I'm working on a service where users can set up webhooks to notify them about certain events. However, I'm unsure how to handle failures when sending these requests. For instance, if the server expected to receive the requests is down for several hours, what should I do? Would it be better to just log the failure, try again later, use a task queue like Celery or RabbitMQ, or maybe a combination of these options?
2 Answers
When it comes to handling webhook failures in a SaaS, I typically return a unique error code for the user and log that error in a dedicated database. This allows me to keep track of how often each error occurs over time. It's much easier to troubleshoot when I can refer back to the error code, as it gives a clear indication of what went wrong.

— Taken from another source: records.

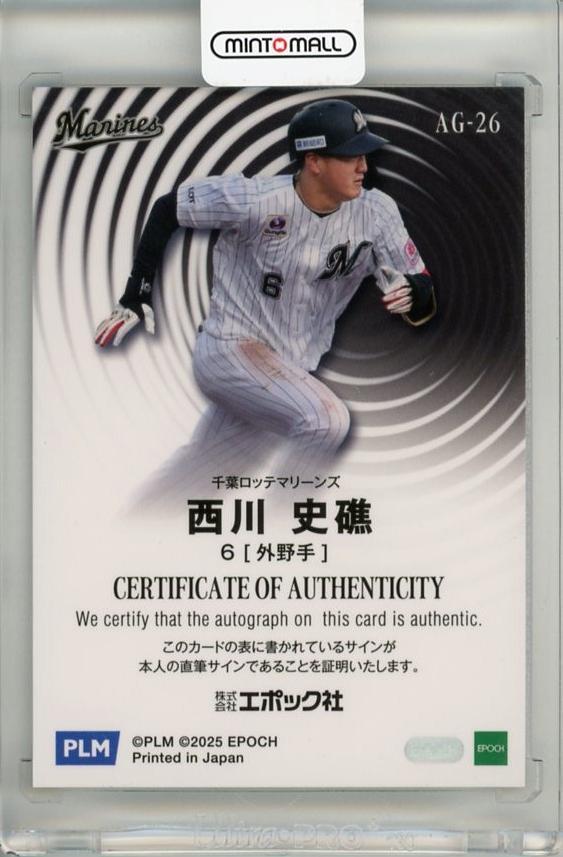 EPOCH パ・リーグ プレミアエディション 2025 西川史礁 直筆サインカード【01/22】 千葉ロッテマリーンズ
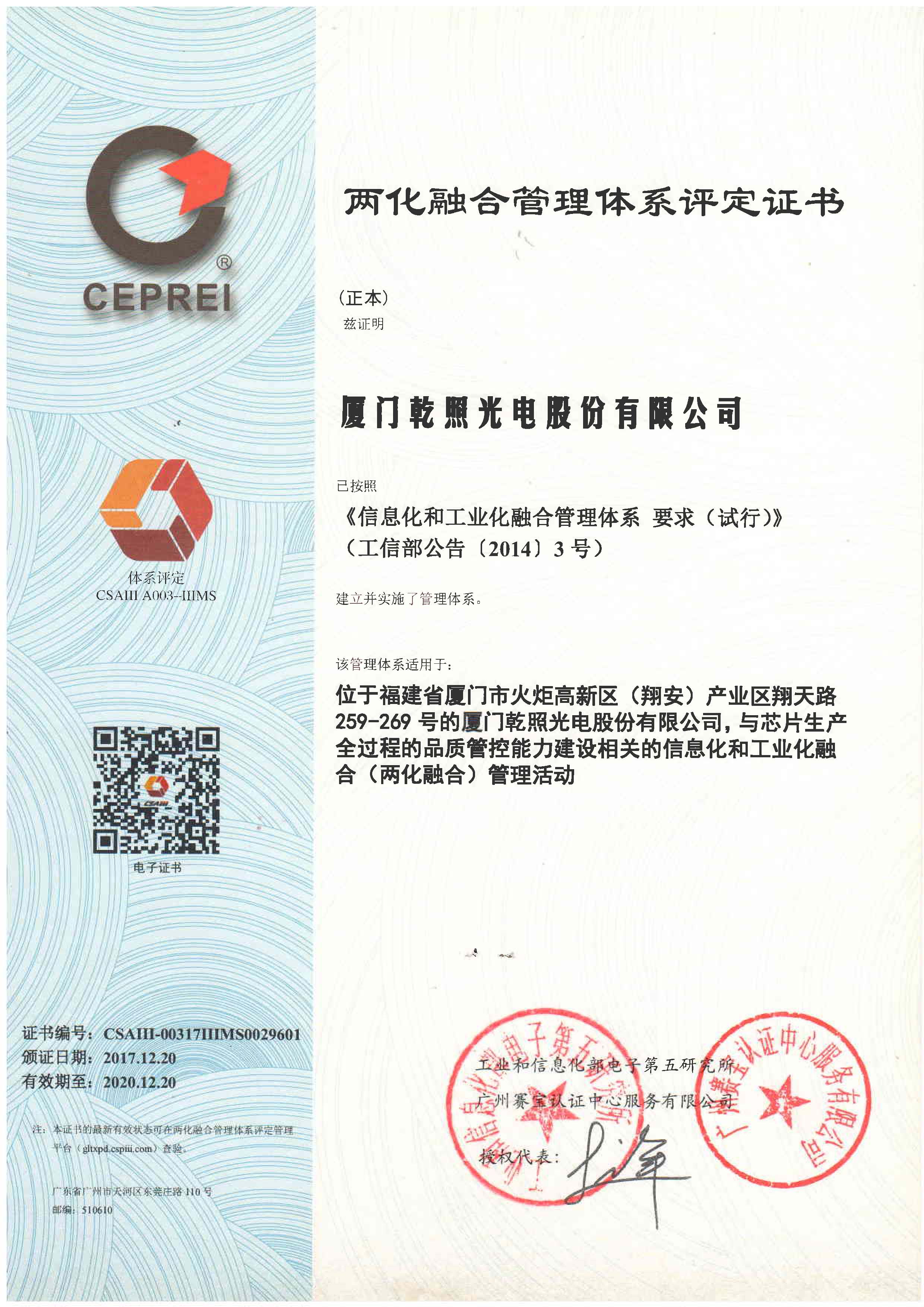 乾照光電獲得兩化融合管理體系評定證書
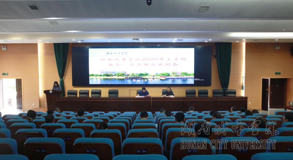 本网讯  2020年5月13日下午,我校在图书馆报告厅召开2020年春季学期教务、学工联合大例会。党委书记罗成翼,校长李建奇,副校长夏宏宇、郑卫民、雷存喜出席会议。各二级学院党委(总支)书记、副书记、院长、教学副院长,教务处、学生工作处、招生就业处、团委、教学质量监控与评估中心等部门负责人参加会议。会议由罗成翼主持。
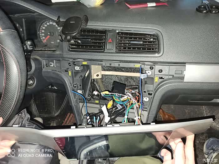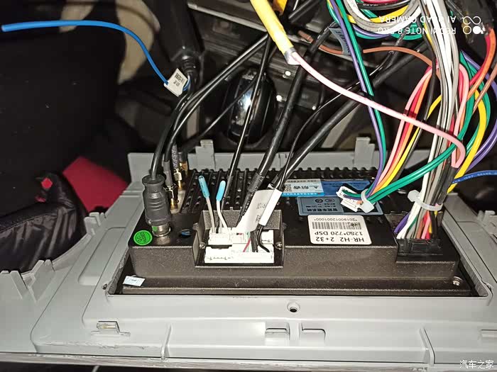 至此,所有器件全部安装完毕。这个时候就可以将带大屏的前面板直接扣在原卡簧上进行固定。检查下倒车影像正常后,固定好大屏,新的车机正式开始服役。
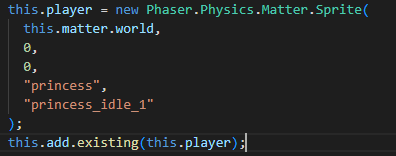 이후에 create()의 new Phaser.Physics.Matter.Sprite에 몇 가지 추가 매개 변수를 작성합니다.
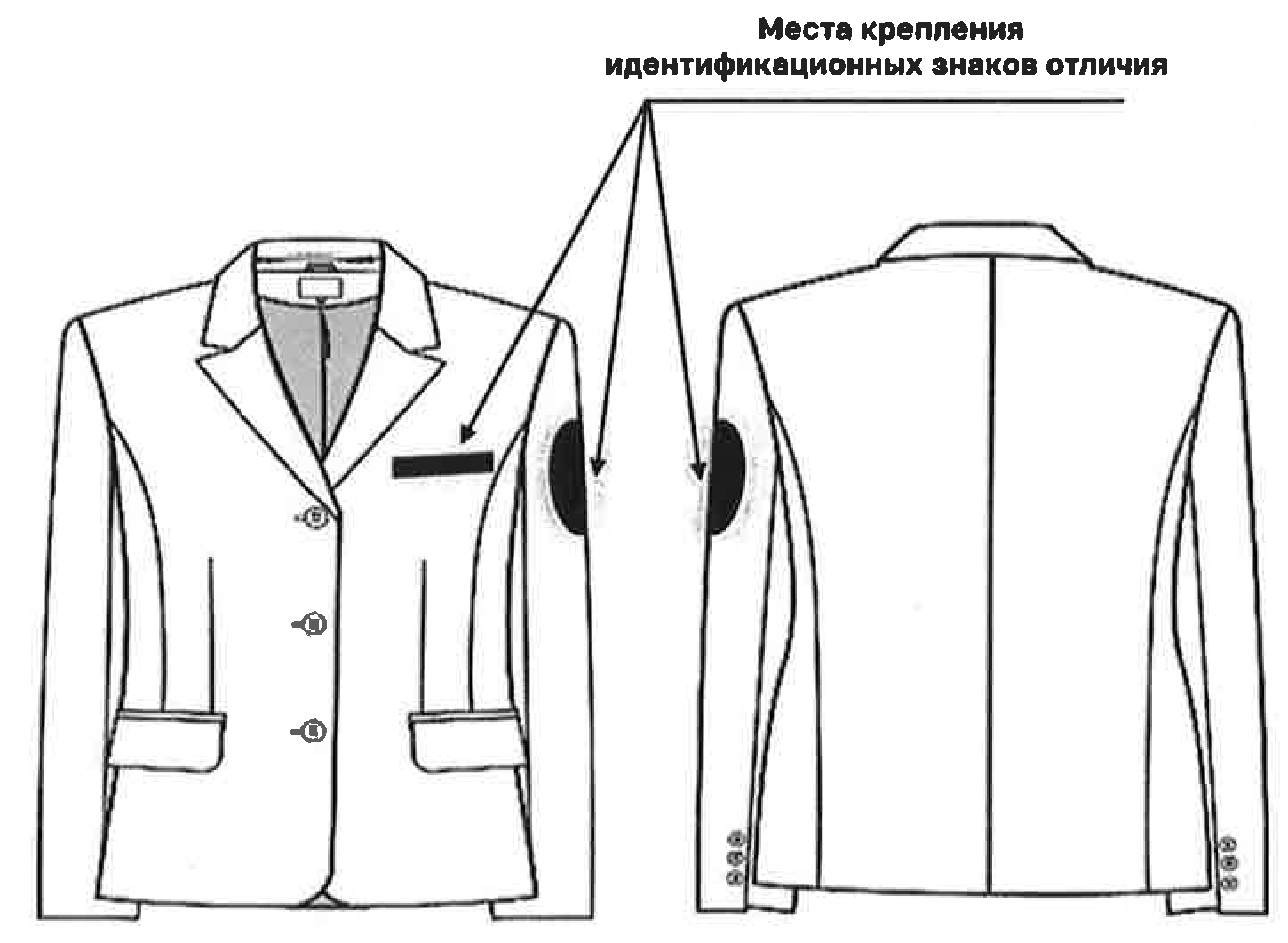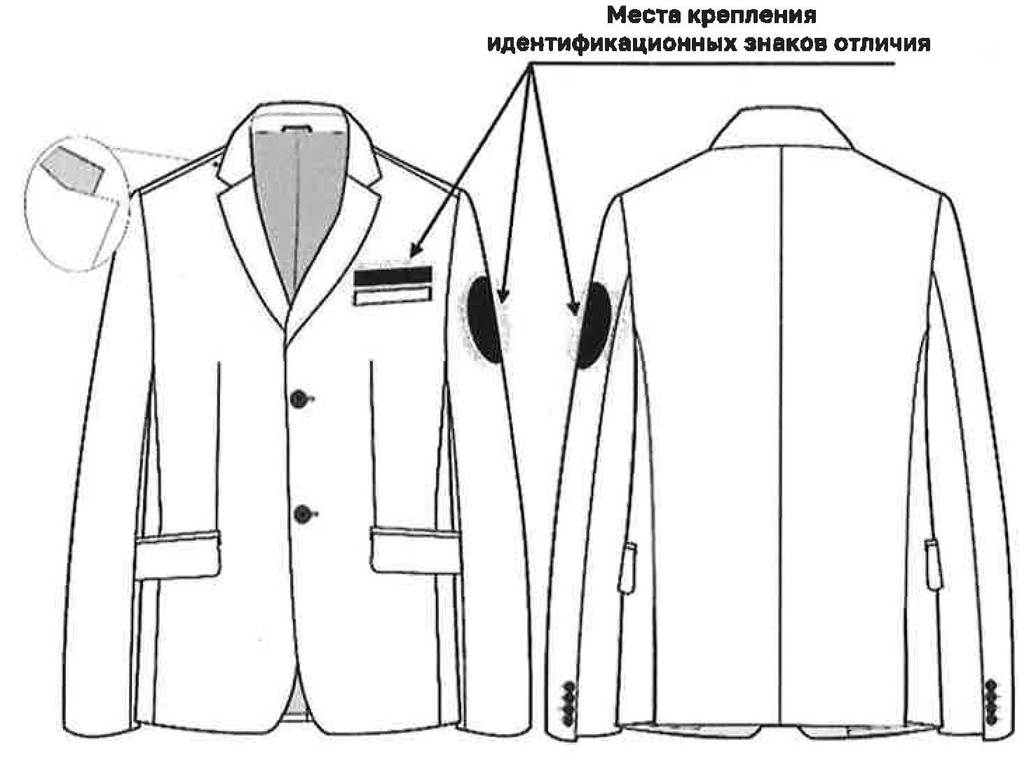 нашивка нагрудная - на левой полочке пиджака.

A robust approach is to send webhooks using a background job queue like BullMQ for Node.js or Celery for Python. This prevents your main application from being blocked. If a request fails, employ a retry strategy with exponential backoff—like waiting 1 second, then 5 seconds, then 30 seconds—up to a maximum number of attempts or a time limit of around 24 hours. Be sure to log every attempt so users can investigate if needed. If it fails after all retries, you can either mark it as failed and notify the user or allow them to try again manually. This setup creates a reliable and scalable webhook system, even when the receiving server is down for extended periods.
I'm aiming for a clean implementation as well. I used Celery earlier this year and got criticized for overcomplicating things, so I'm cautious now. I'd prefer to just store failures and retry later until I either succeed or give up. By the way, why not opt for RabbitMQ?